D’ailleurs, c’est justement l’empoisonnement alimentaire qui provient de la maison qui a mis le Dr Susheela Biranjia-Hurdoyal sur la piste des torchons. «Lorsqu’on parle de ce problème de santé, on a toujours tendance à penser à la bouffe de rue ou des restaurants. Personne ne soupçonne que cela puisse venir de sa propre maison», explique-t-elle. La scientifique regrette qu’à Maurice, comme dans la plupart d’autres pays, il n’y a pas de chiffre sur ce phénomène. «J’ai décidé de m’y lancer en raison de l’absence de chiffre sur l’hygiène à Maurice. Je devais utiliser ceux de l’international pour mes cours.» Pour son étude, le Dr Susheela Biranjia-Hurdoyal a offert cent torchons de diverse qualité à cent familles, sans consignes précises et les a récupérés par la suite pour les analyser. Nous connaissons la suite.
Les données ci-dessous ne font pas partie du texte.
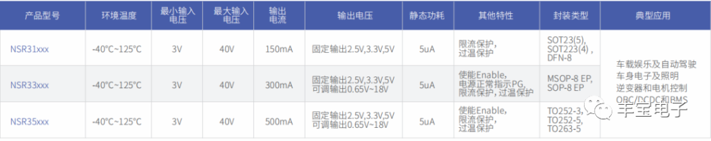 NSR31/33/35系列提供給硬件設(shè)計者充足的解決方案,有各種固定電壓版本:2.5V、3.3V和5.0V,也提供輸出可調(diào)選項(0.65V至18V)。此外,不同系列分別提供150mA,300mA,500mA的輸出電流能力,可由芯片內(nèi)部限制。此低功耗線性調(diào)節(jié)器還內(nèi)部集成了短路保護(hù)、過溫保護(hù)功能。 這些器件可在-40℃至125℃的環(huán)境溫度下運行,提供多種封裝SOT223,SOT23DFN-8, MSOP-8 EP, SOP-8EP,TO252, TO263等,滿足不同設(shè)計需求。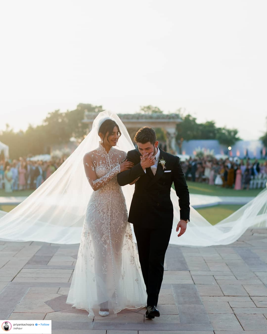Cựu Hoa hậu thế giới Priyanka Chopra đã có đám cưới xa hoa khiến nhiều người trầm trồ. Trong ngày cưới, cô lựa chọn thiết kế của Ralph Lauren. Mẫu váy được thực hiện tỉ mỉ, tốn tới 1.826 giờ để hoàn thiện. Váy của cô dâu xinh đẹp này có điểm nhấn khăn voan dài tới 23 mét.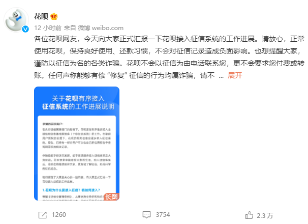 今天,花呗公告了接入征信工作的最新进展,花呗接入人民银行征信系统的安排已全面落地。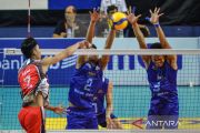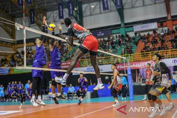 Dua pebola voli putra putra Kudus Sukun Badak Aji Maulana (kiri) dan Syahril Amri (kedua kiri) berusaha menahan smes dari pebola voli putra Surabaya BIN Samator Daouda Yacoubou (tengah) pada pertandingan Seri I putaran pertama Proliga 2023 di SOR Jalak Harupat, Soreang, Kabupaten Bandung, Jawa Barat, Sabtu (7/1/2023). Surabaya BIN Samator mengalahkan Kudus Sukun Badak dengan skor 3-1 (19-25, 25-18, 16-25, 22-25). ANTARA FOTO/Raisan Al Farisi/pras.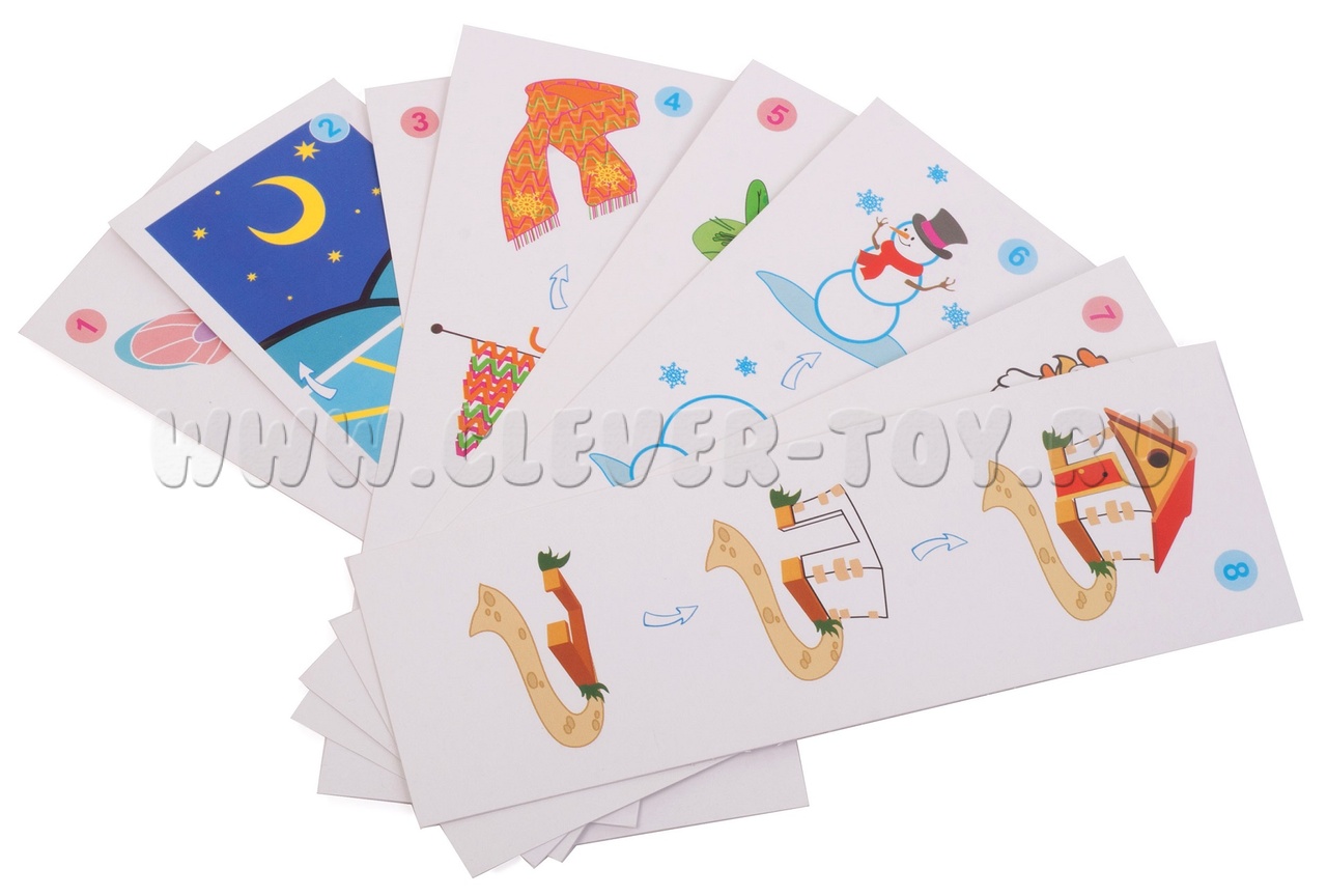 Как играть? Выбираем любую карточку с заданием (всего предложено 8 вариантов), устанавливаем её в специальную прорезь в подставке.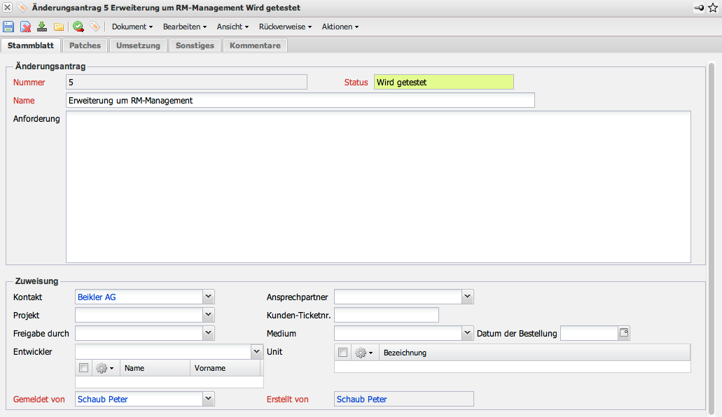 • Anforderungslisten: In dem Feld Anforderungslisten werden alle Anforderungslisten angezeigt, in denen der Änderungsantrag eingetragen ist.

Toutefois, la scientifique ne s’est pas contentée que des torchons. Elle a également étudié les nappes «que les gens changent uniquement lorsqu’il y a une fête». Et là, même constat. Les téléphones portables n’ont pas échappé à sa loupe. La conclusion ? Les bactéries ont tout envahi. Comment se protéger ?  Cela fera bien le sujet d’une autre étude pour la scientifique.